TO DO:
Copy the lines below exactly, starting at the one with "Nilai dari logaritma" and ending at the one with "基礎計算、方程與不等式、工程", and leave out any picture.

WORKING DATA:
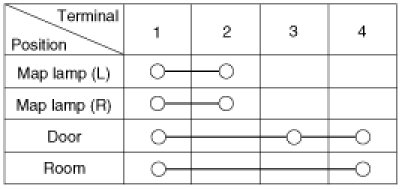 1. Remove the room lamp assembly then check for continuity between terminals.
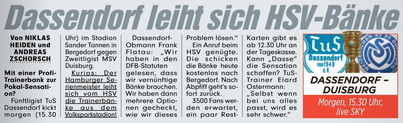 17.08.2018 (Artikel – Print): Dassendorf leiht sich HSV-Bänke
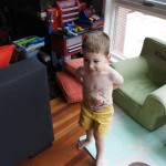 Henry and Eleanor each moved up a level in soccer class this week. The change was bigger for Henry, as he is now in a class where Dad sits on the sidelines after the first half. Henry was apprehensive at first, but quickly joined in and followed the coach’s instructions for the rest of the class. It was really exciting watching him participate and engage without the help of Mom or Dad. Another exciting milestone for Henry – he is now jumping off the step in swimming all by himself. We have been working up to this for weeks, but prior to this he needed to hold the coach’s hand before he would jump in.
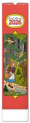 Nástěnný kalendář s ilustracemi Josefa Lady a jeho pohádkovými motivy je vyhotoven v oblíbeném úzkém formátu, který osvěží každý interiér. V kalendáři je rovnocenně zahrnuta čeština a slovenština, ilustrace doplňují česká a slovenská jména, svátky, památné dny a měsíční fáze. Každý den má prostor pro poznámky, víkendové dny jsou barevně odlišené od pracovních.
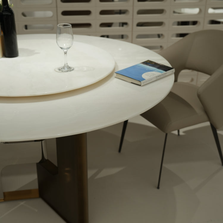 デザイナーズ 大理石ダイニングテーブル ホワイト×ゴールド 回転盤付き ラグジュアリーモダン jrjj-6768
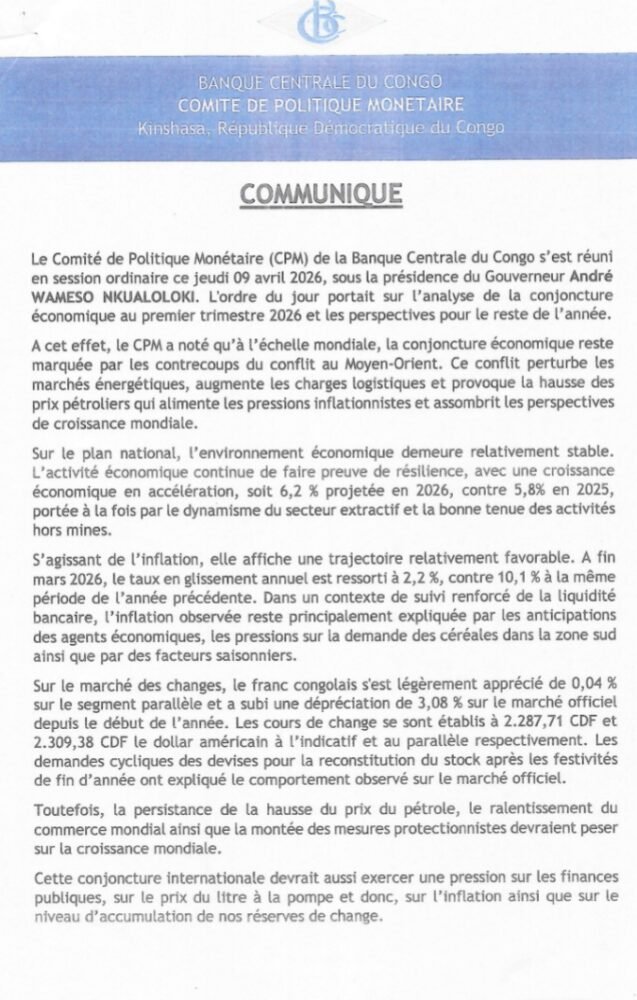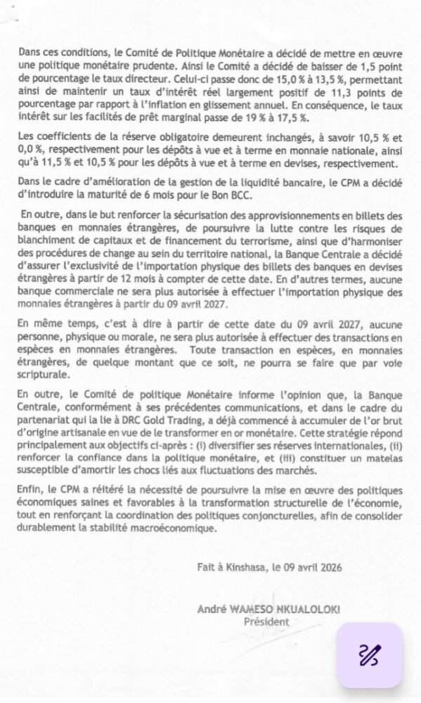 A l’issue de la région ordinaire du Comité de politique monétaire (CPM), tenue ce jeudi 9 avril 2026 sous la direction du Gouverneur André Wameso,  la Banque Centrale du Congo, a décidé de l’abaissement du taux directeur de 15 à 13,5%, rapporte un communiqué de presse de la BCC. Communiqué.
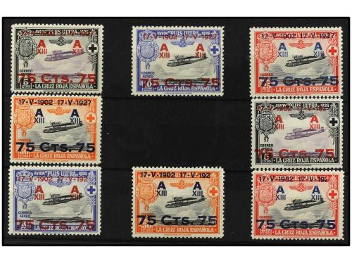 * ESPAÑA. Ed. 388/91 y 388/91t. SERIE COMPLETA, 8 valores, tipo y HABILITACIÓN "192" en lugar de "1927". Cat. 435€.
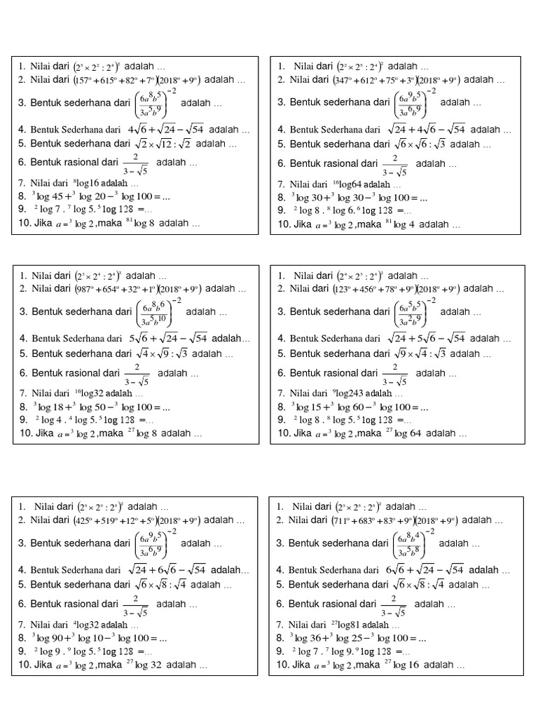Nilai dari logaritma 100 Log 1/1.000.000 adalah…. - Brainly.co.id
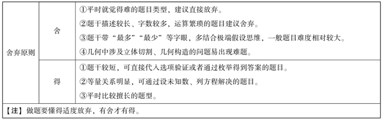 基礎計算、方程與不等式、工程問題、容斥問題和最值問題是基礎題型,運算簡單,套路固定,難度相對較低,是考場中性價比較高的題目,建議優(yōu)先去做。經濟利潤問題、行程問題、幾何問題和排列組合問題為每年的必考題型,其中幾何問題和排列組合問題的解題方法相對靈活,對考生的數(shù)學思維要求較高,但運算量較低,對圖形較為敏感或是對排列組合知識理解較為扎實的考生可以選擇此類題目
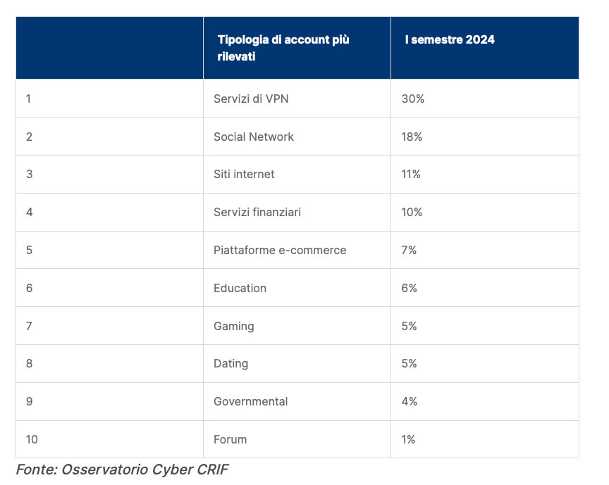 Tra le tipologie di servizi a cui corrispondono le username ritrovate sul dark web, con l’esclusione dei servizi di posta elettronica, nel I semestre 2024 risultano essere al primo posto (30%), i servizi di VPN (Virtual Private Network), sistemi sempre più utilizzati globalmente anche da account privati che permettono di creare una connessione sicura e privata a Internet, anche quando si naviga su una rete pubblica o poco sicura, come il Wi-Fi di un bar, di un treno o di un aeroporto.
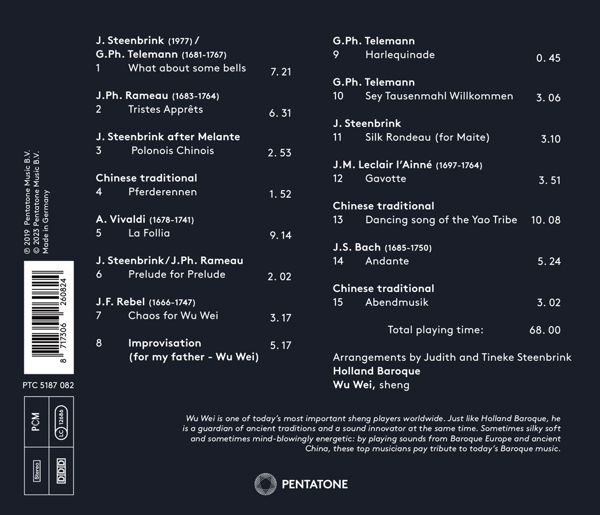 „Silk Baroque“ ist eine musikalische Begegnung zwischen dem chinesischen Musiker Wu Wei und Holland Baroque, die ein Programm eingespielt haben, das von Bach, Vivaldi, Telemann und Rameau bis zu traditionellen chinesischen Melodien reicht – alle verknüpft durch die Offenheit der Musiker, sich auf Improvisation, Experimente und Kulturaustausch einzulassen. Wu Wei spielt Sheng, eine ungewöhnliche chinesische Mundorgel, die wie ein Bündel Bambusrohre aussieht, die von Metallhüllen umgeben sind. Wu Wei führt die klangliche Vielfalt und rhythmischen Möglichkeiten der Sheng meisterhaft vor. Uralte Traditionen klingen in diesen Interpretationen frisch und fesselnd, die Zuhörer erfahren eine lebhafte, verführerische und faszinierende Klangwelt.
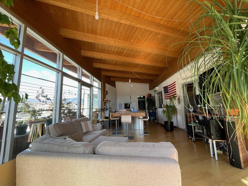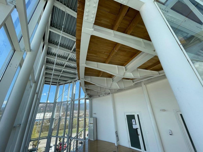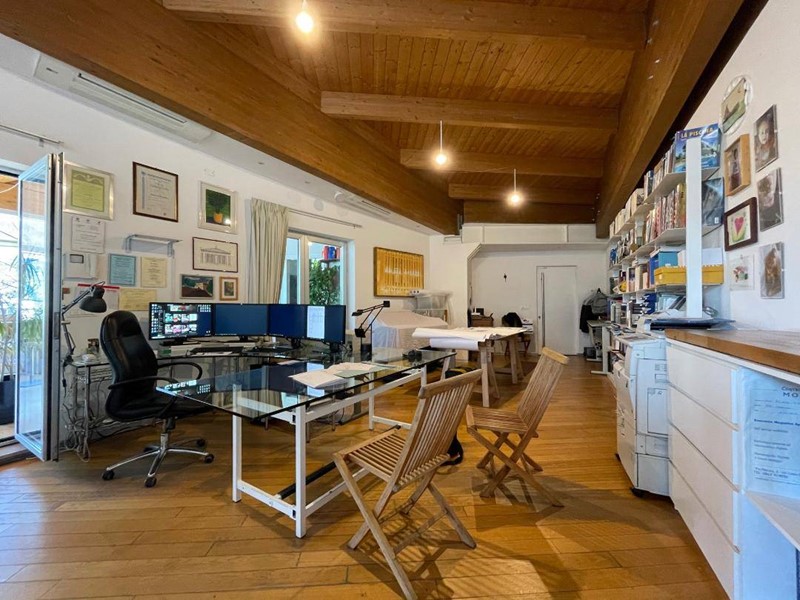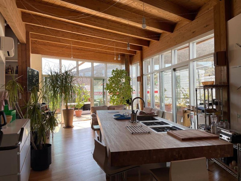 La soluzione, di particolare pregio architettonico in acciaio e legno, offre due ambienti ampi e luminosi con pareti completamente vetrate e soffitti alti in legno a vista che rendono la struttura molto versatile per le esigenze più varie, una cucina a vista e un bagno.
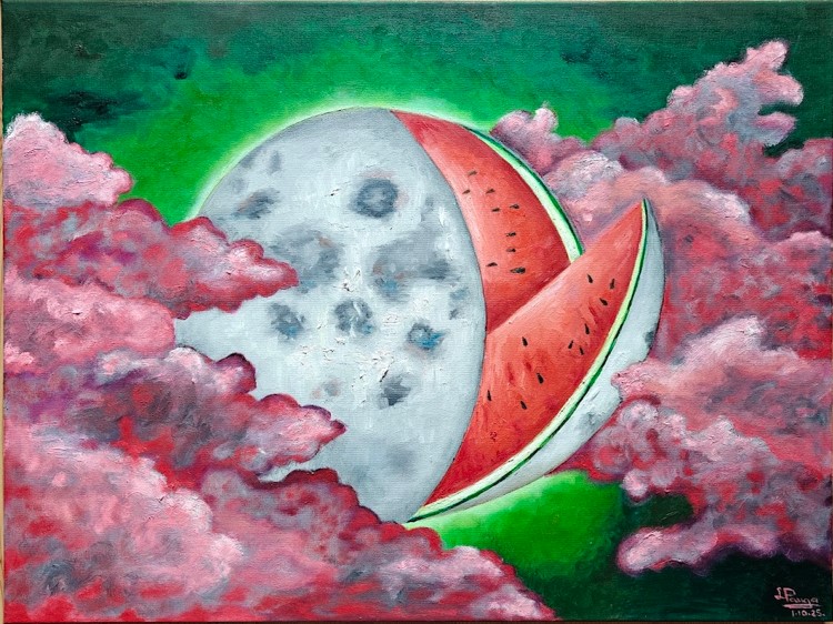 "Bezgalības garša" 60x80 cm, 2025 - Šis darbs ir sirreāls debesu un zemes formu saplūdums, kas aicina skatītāju apšaubīt realitāti un atklāt negaidīto pazīstamajā. Mēness, pārveidots par arbūzu, simbolizē slēptu barību kosmosā un uztveres rotaļīgo absurditāti.

SOLUTION TO THIS TASK:
Nilai dari logaritma 100 Log 1/1.000.000 adalah…. - Brainly.co.id
 基礎計算、方程與不等式、工程問題、容斥問題和最值問題是基礎題型,運算簡單,套路固定,難度相對較低,是考場中性價比較高的題目,建議優(yōu)先去做。經濟利潤問題、行程問題、幾何問題和排列組合問題為每年的必考題型,其中幾何問題和排列組合問題的解題方法相對靈活,對考生的數(shù)學思維要求較高,但運算量較低,對圖形較為敏感或是對排列組合知識理解較為扎實的考生可以選擇此類題目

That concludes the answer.